### MATERIAL PROVIDED
····················
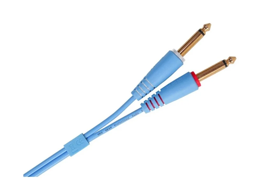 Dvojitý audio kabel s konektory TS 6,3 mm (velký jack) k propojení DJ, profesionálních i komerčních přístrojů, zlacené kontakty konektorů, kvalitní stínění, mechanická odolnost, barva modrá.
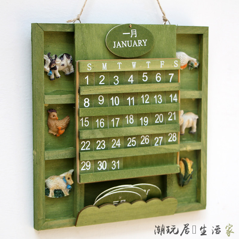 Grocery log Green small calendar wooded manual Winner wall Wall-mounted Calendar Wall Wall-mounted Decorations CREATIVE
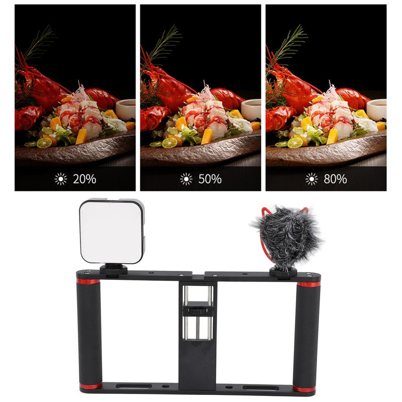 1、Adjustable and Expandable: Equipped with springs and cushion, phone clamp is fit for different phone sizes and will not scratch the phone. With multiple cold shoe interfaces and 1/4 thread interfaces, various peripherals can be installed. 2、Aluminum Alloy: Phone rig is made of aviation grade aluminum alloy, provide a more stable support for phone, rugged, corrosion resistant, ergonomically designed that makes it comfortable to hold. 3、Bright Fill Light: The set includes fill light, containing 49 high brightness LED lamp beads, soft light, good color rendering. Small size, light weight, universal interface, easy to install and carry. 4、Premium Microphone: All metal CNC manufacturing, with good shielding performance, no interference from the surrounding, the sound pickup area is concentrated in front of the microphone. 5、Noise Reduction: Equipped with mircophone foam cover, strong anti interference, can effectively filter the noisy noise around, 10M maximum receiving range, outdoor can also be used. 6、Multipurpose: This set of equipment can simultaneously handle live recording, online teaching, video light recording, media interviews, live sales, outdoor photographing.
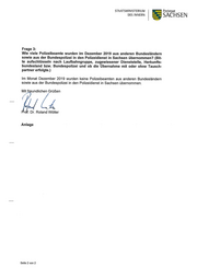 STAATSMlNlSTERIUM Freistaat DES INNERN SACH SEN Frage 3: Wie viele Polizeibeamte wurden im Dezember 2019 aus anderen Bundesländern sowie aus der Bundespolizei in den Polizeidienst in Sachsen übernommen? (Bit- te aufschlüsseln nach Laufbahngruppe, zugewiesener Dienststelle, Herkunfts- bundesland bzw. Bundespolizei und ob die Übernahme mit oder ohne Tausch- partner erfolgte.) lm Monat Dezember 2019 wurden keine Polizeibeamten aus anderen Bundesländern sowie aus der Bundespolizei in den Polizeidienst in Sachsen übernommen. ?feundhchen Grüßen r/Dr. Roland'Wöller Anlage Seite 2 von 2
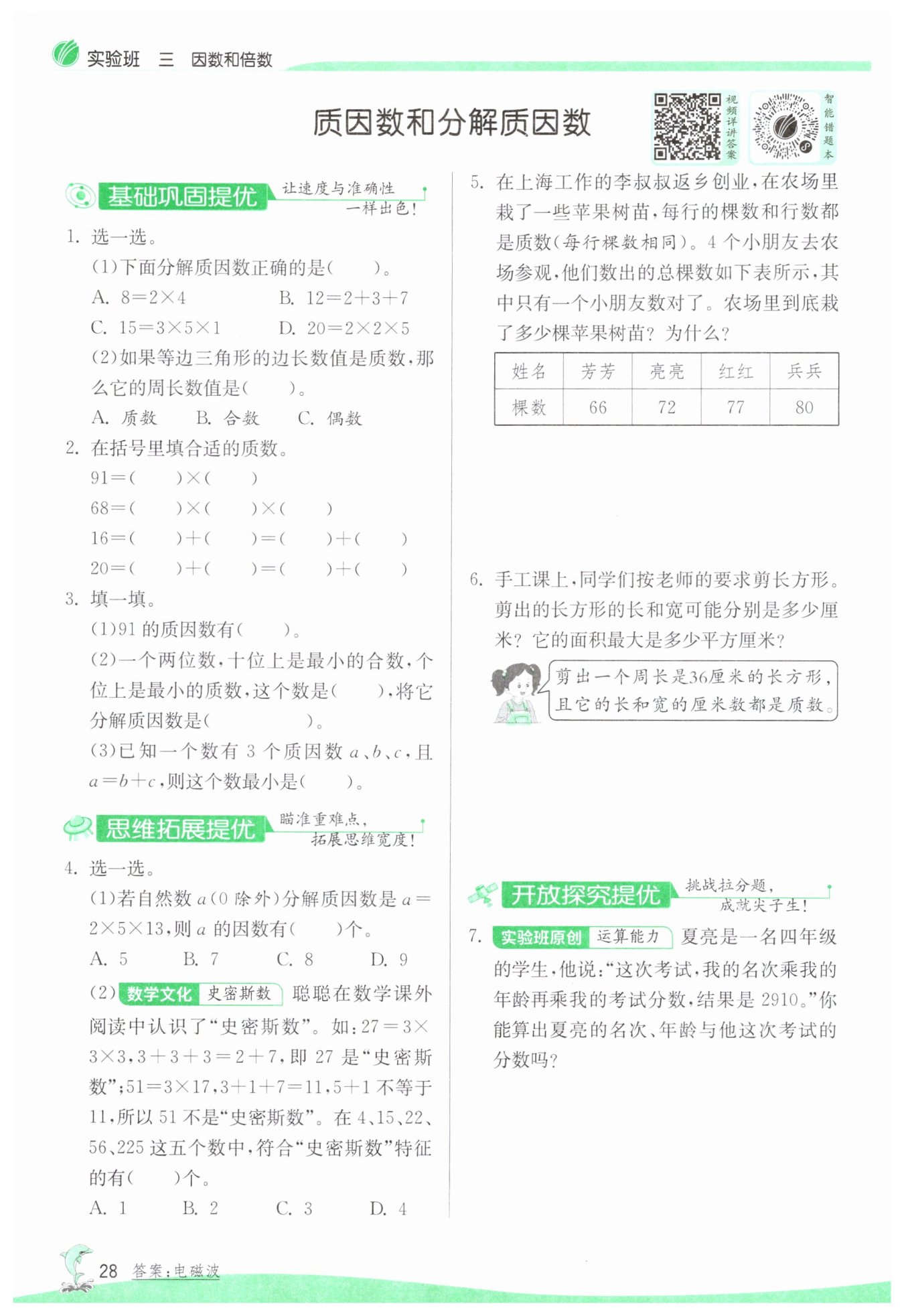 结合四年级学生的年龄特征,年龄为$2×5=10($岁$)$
····················
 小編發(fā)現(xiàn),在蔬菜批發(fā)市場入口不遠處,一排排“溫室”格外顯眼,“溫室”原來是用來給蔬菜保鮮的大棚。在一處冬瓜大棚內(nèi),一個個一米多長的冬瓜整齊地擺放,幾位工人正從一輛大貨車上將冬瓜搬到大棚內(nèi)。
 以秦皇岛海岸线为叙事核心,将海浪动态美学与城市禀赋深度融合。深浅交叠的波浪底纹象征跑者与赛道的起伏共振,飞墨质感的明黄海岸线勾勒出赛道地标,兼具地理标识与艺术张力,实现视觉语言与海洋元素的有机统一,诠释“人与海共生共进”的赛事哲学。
····················
In the records above, find the line containing "Dvojitý audio kabel" and the line containing "Grocery log Green", then give both of them again word for word along with every line between. Omit any pictures.

 Dvojitý audio kabel s konektory TS 6,3 mm (velký jack) k propojení DJ, profesionálních i komerčních přístrojů, zlacené kontakty konektorů, kvalitní stínění, mechanická odolnost, barva modrá.
 Grocery log Green small calendar wooded manual Winner wall Wall-mounted Calendar Wall Wall-mounted Decorations CREATIVE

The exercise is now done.